The prominent and early presence of dysphonia is considered a valuable marker for differentiation of idiopathic Parkinson’s disease and parkinsonian syndromes. Objective quantification of vibrational regimes represented by modal and subharmonic vibrations may thus be vital for improving accuracy of diagnostic decision. The rationale for analyzing vibrational regimes is that abnormal subharmonic vibrations might be the key factor causing dysphonia in parkinsonian syndromes. This study introduces a new fully automated methodology based on robust pitch tracker for decoupling vibrations controlled by laryngeal muscles from the effect of subharmonics that provides distinguishing features of Parkinson’s disease and atypical parkinsonian syndromes.

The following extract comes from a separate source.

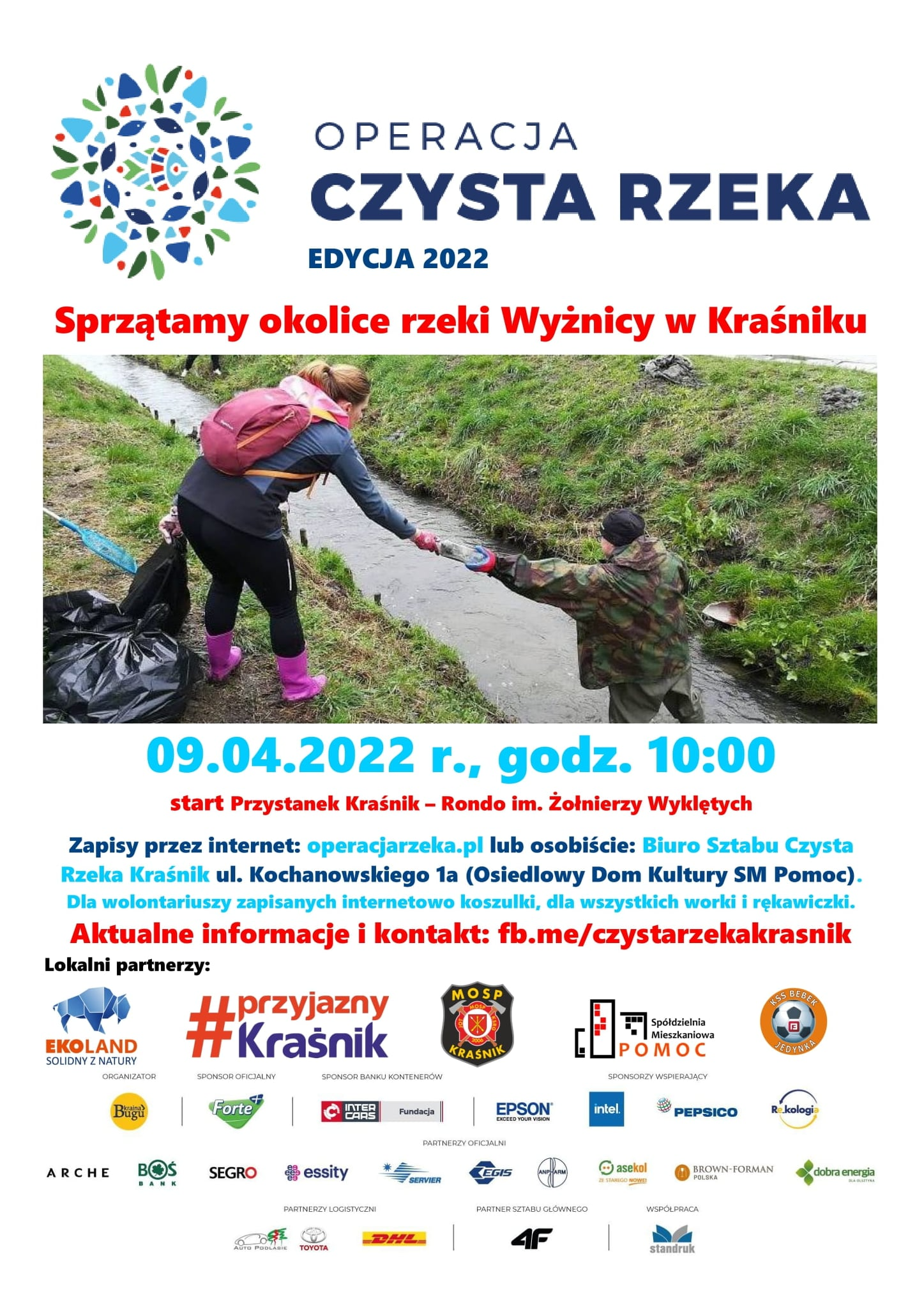 Do udziału w akcji rejestrować się można za pośrednictwem strony www.operacjarzeka.pl (tylko do najbliższej soboty, należy tam wyszukać akcję organizowaną w Kraśniku) lub do czasu akcji w biurze Sztabu Akcji Czysta Rzeka Kraśnik (Osiedlowy Dom Kultury SM „Pomoc”, ul. Kochanowskiego 1a, Kraśnik).

We tested the method on resynthesized signals with known parameters and demonstrated that vibrations controlled by laryngeal muscles as well as subharmonics can be detected reliably with a precision that outperforms available technologies. We analysed 337 sustained vowels of 22 patients with PD, 21 patients with multiple system atrophy, 18 patients with progressive supranuclear palsy and 22 healthy controls. Our results showed that subharmonics are more prominent in atypical parkinsonian syndromes compared to Parkinson’s disease. Also, increased modulation by laryngeal muscles appears to be a distinctive symptom of multiple system atrophy. Developed algorithm and proposed resynthesized voice signals provide further critical step to understanding and evaluation of dysphonia in Parkinsonism.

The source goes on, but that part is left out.